Boston Beer Works, which produces up to 3,000 gallons of beer weekly during baseball season, uses sophisticated sanitation practices to keep the beer free of harmful bacteria.
Andrews said 75 to 80 percent of her time brewing is cleaning and sterilizing the tools. All equipment, including hoses and taps, is cleaned with a hot sodium hydroxide solution, then rinsed with cold water and phosphoric acid. Finally the equipment is cleaned with Iodophor, a sanitizing agent used in brewing, to keep it sterilized.
“Whether beer has left [the equipment] or beer is going into it, there are lots of microscopic things you can’t see that can certainly affect the product,” she said.
Andrews added that the inability to keep the beer free of microscopic organisms could lead to problems during the rest of the brewing process.
“It can give you myriad of problems,” she said. “Like off flavors, carbonation issues and filtration problems.”
Daly said the average home brewer uses less sophisticated methods for sanitizing beer-making equipment.
He said the most common sanitizer used is household bleach in small amounts. Brewers use a very diluted bleach solution, and then soak the equipment in hot water to remove the residue.

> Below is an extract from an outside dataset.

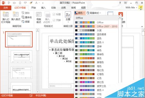4、选择后,在“幻灯片母版”选项卡下,找到“背景”栏目中,点击“颜色”按钮旁边的下拉黑色小三角,在弹出下拉菜单中,选中“Office 2007-2010”,做为当前PPT的主题颜色。
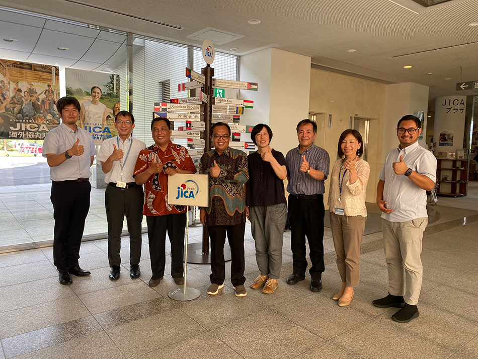 また、本学部の度会雅久学部長、谷口雅康准教授らと、2022年8月から2大学が連携して取組むJICA草の根技術協力事業『インドネシア国ジョグジャカルタにおける農業従事者の生活向上のための牛の繁殖効率改善』について意見交換が行われました(写真2)。本事業は今夏で3年目を迎えます。事業の実績と今後の展開を協議するため、事業を統括するJICA中国センターに澁谷和朗 市民参加協力課長、藤原怜子課長、藤田かおり専門員を訪問し、綿密な打合せも行われました(写真3)。

The anonymous brewer said he has not met many people who brew alcohol on campus, but after looking back at the brewing he has done, the process would be easy.
“If I did live on campus,” he said. “I could actually brew it up in the kitchen by taking warm water from common room sink and letting it ferment in my closet.”
While this student said he does not consider himself a beer connoisseur, his experience with brewing has helped him appreciate the beer brewing process and understand what beer should taste like.
“It was a damn good beer at the very least considering it was made in the closet,” he said.”